The Dutch House of Representatives passed on Thursday legislation that will fundamentally reshape how the country taxes investment gains, including those from crypto assets, starting January 2028.
The bill, known as the Actual Return in Box 3 Act (Wet werkelijk rendement box 3), introduces a capital growth tax on most assets, such as stocks, crypto, and bonds.
Under the new framework, residents will be taxed each year at a rate of around 36% on their actual returns from savings and investments, even if the assets are not sold. This means taxes will apply not only to income received, but also to increases in asset values, including unrealized gains.
Real estate and shares of startups will follow different rules. For these assets, tax will mainly be charged when a profit is actually made, also known as capital gains tax. However, income from these assets, such as rent or dividends, will still be taxed in the year it is received.
The new system has drawn backlash from crypto community members, who warn that it could force people to pay taxes without having sufficient cash to do so.

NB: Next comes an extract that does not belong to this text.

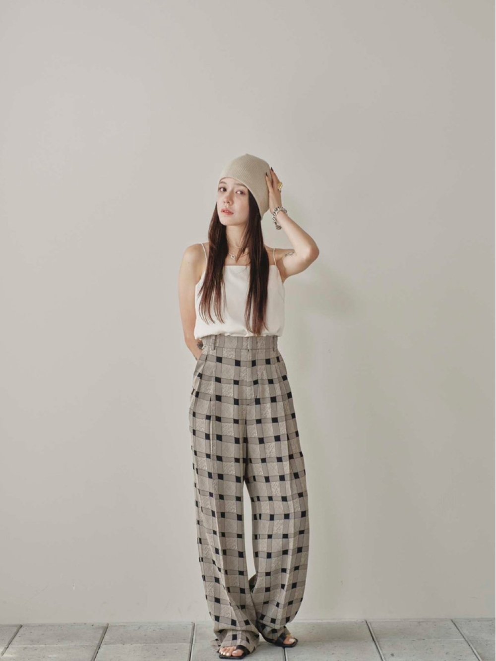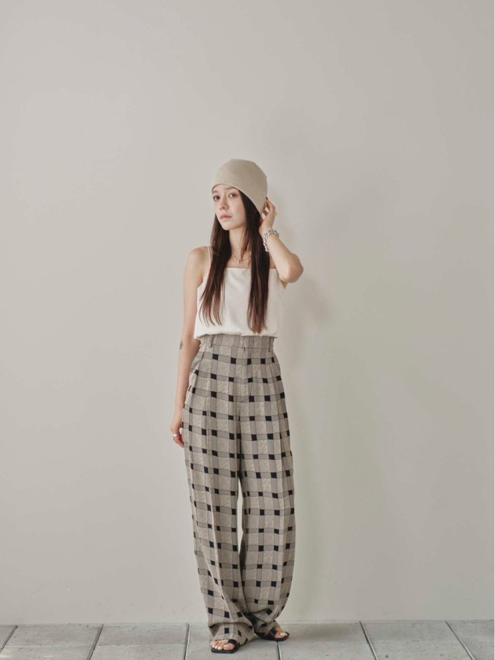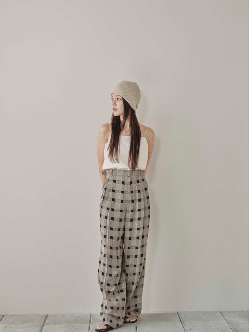 Checkjacquard Tuck Trousers

Price swings are another key concern, especially for crypto assets, as paper profits could be wiped out after taxes.
Parliament approved an amendment to cut the review period from five years to three. The change is meant to allow faster adjustments if the rollout runs into problems.
In addition, a coalition of major Dutch political parties (D66, VVD, and CDA) has signaled plans to eventually move toward a capital-gains model, with draft legislation expected by Budget Day 2028. Under that system, taxes would apply only when assets are sold, easing cash-flow pressures but reducing short-term government revenue.